Palabras Clave.derecho, filosofía,pueblo, popular, política

Abstract. This paper attempts to propose a reading of the book Privilege or the Right to Philosophy (Derrida, 1990/2023) from the relation between philosophy and people that Jacques Derrida presents through the notion of right used by Kant in the Metaphysics of Manners. We will show how the definition of the people is traversed by different factors that take away its political potency and that its adjectivation, i.e. the popular, can restore that which philosophy as a privilege does not contain, namely, politicity. Through some analyses of the words ‘people’ and ‘popular’, and from the idea that philosophy is a language in another language, we will show that the syntagm ‘right to philosophy’, understood from the noun and the adverb ‘right’, situates philosophy in the aporetic dimension. Indeed, this will allow us to affirm that access to the philosophical belongs to every linguistic, rational being, independently of its language. In this way, we will conclude that popular philosophy, as a language, implies a constant questioning of the philosophical institution, its authority and, therefore, the possibility of philosophical equality.

Keywords. law, philosophy, people, popular, politics


La revolución no pasa por la universidad, y esto
hay que entenderlo: la revolución pasa por las grandes masas;
la revolución la hacen los pueblos,
la revolución la hacen, esencialmente, los trabajadores.[1]

Salvador Allende


Introducción: una cuestión de privilegio[2]
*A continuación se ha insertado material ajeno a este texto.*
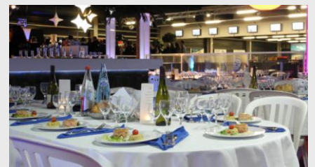
Restauration personnalisée Formules traiteur à la carte
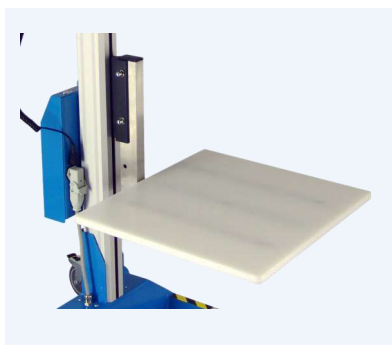
Flak i standardstorlek 498x440mm

Det finns ett stort antal standardverktyg, lastplan, V-block, lyftbom samt en manuell expander, för att hantera rullar. En av våra stora fördelar är dock att vi även skapar kundanpassade tillbehör.
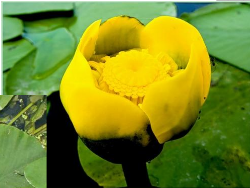
Кубышка (жёлтая кувшинка)
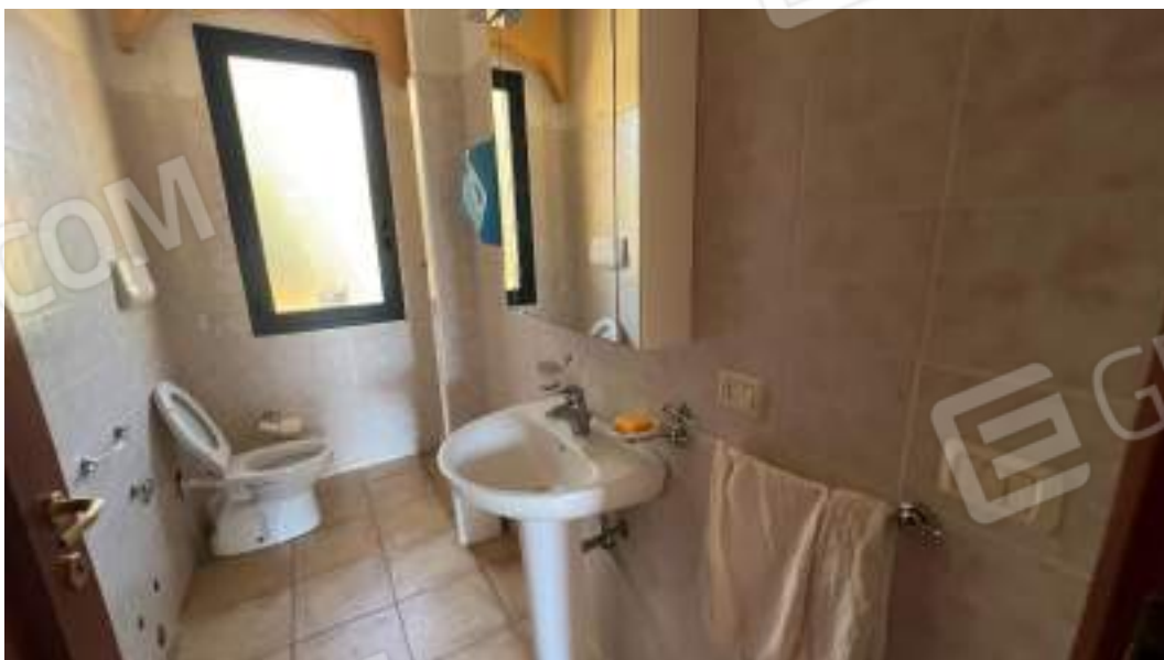
Figura 31 – Viste interne del fabbricato – piano primo
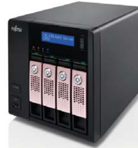
CELVIN NAS Server Q802 4x1TB NAS HDD
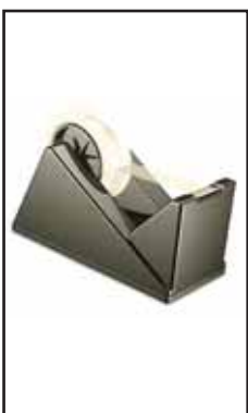
4767706 TENDINASTRO DA TAVOLO 33/66- 1300G
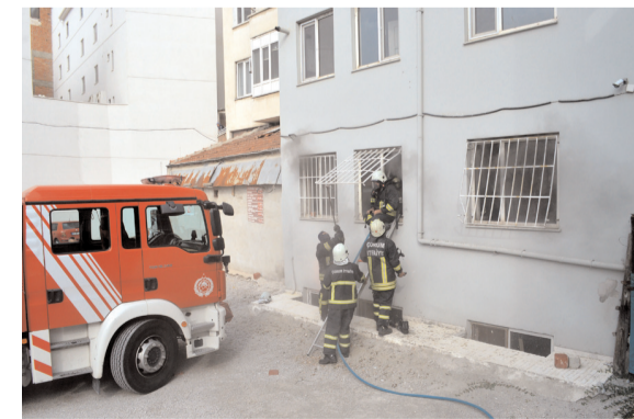
İtfaiye ekipleri demir parmaklıkları keserek yangına müdahale ettiler.

Alaca'da bir elektrik trafosunda çıkan yangın itfaiye ekiplerince söndürüldü. * HABERİ 5'DE
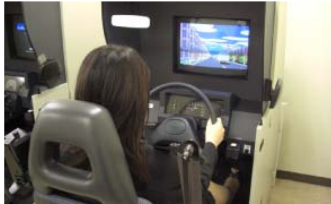
上)KM式運転適性助言検査 左)5分割マルチビデオ車(特許第4144480号)
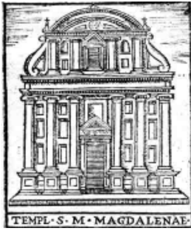
La facciata in una incisione del 1500, utilizzata per una Guida di Roma
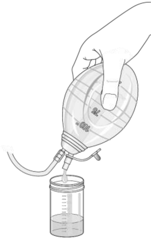
الشكل 2: تفريغ القارورة
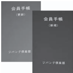
会員手帳 更新手帳(左・色は緑)と 新規会員(右・色は赤)

尚、更新手続きは1ヶ月前か ら可能です。期限を過ぎますと 新規会員扱いになりますので、 早めの更新手続きをお願いしま す。
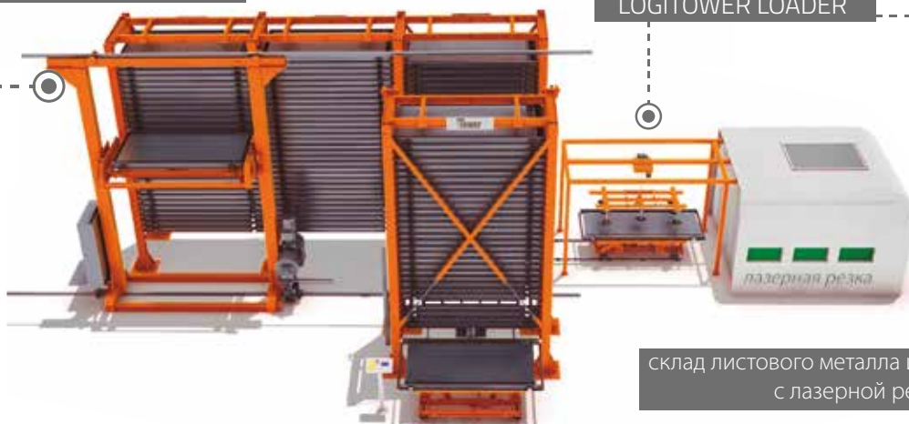
склад листового металла интегрированный с лазерной резкой

Logi TowerLoader АВТОМАТИЧЕСКАЯ ЗАГРУЗКА LOGITOWER LOADER

Uno de los problemas que plantea la cuestión del derecho a la filosofía (Derrida, 1990/2023) toca al vínculo entre filosofía y pueblo. A diferencia de las críticas, distanciamientos y renuncias que se han instalado en contra de la filosofía desde algunos discursos críticos de la educación ligados a la izquierda, –puntualmente aquellos que suscribieron la crítica althusseriana de la escuela como aparato ideológico del estado (Fernández et al. 2017)–, el sintagma ‘derecho a la filosofía’ empalma lenguas que han sido consideradas como irreconciliables, pero que en esta frase encuentran un espacio de juego donde el universal humano –deconstruido– logra poner a un ladola carga de clase que la tradición filosófica hereda como privilegio. Por un lado, el privilegio lo podemos entender en términos marxistas, es decir, en el sentido de la onceava tesis sobre Feuerbach (Marx y Engels, 1970): “los filósofos no han hecho más que interpretar al mundo de diferentes maneras, cuando lo que importa es transformarlo” (p. 12). Se trata del privilegio de hacer una ‘filosofía de escritorio’ desde la famosa ‘torre de marfil’, lugar que pareciera no afectar, a nadie ni a nada, menos al pueblo. Pero, este privilegio, que sugiere comodidad y distancia, incluso neutralidad, está lejos de despolitizar la filosofía. Ya en 1976, Châtelet se distanciaba de la crítica marxista: “[...] desde Platón los filósofos siempre han sido hombres ‘comprometidos’ y siempre han intervenido políticamente en su ‘tiempo’. Incluso se puede decir que tenían intenciones políticas precisas. Por cierto, con frecuencia las disimularon” (Châtelet, 1982, p. 35). Por otro lado, este privilegio se ha escrito en una lengua determinada –como “el privilegio originario de una lengua natural (griego o alemán)” (Derrida, 1990/2023)–, en una lengua extranjera, ya sea, por lo idiomático o, por lo abstracto y conceptual. Amplias son las críticas a la filosofía en este sentido, por ejemplo, a Kant se le criticó por la oscuridad de su lenguaje, a Derrida por lo críptico y a Butler por su escritura académica, por tanto, alejada de lo social. En efecto, son estas críticas las que movilizan a una defensa de la filosofía que, en la mayoría de sus expresiones, al menos en Chile, se ha preocupado de la reivindicación de su derecho, esto es, resguardar la filosofía en todos los espacios en los espacios institucionales.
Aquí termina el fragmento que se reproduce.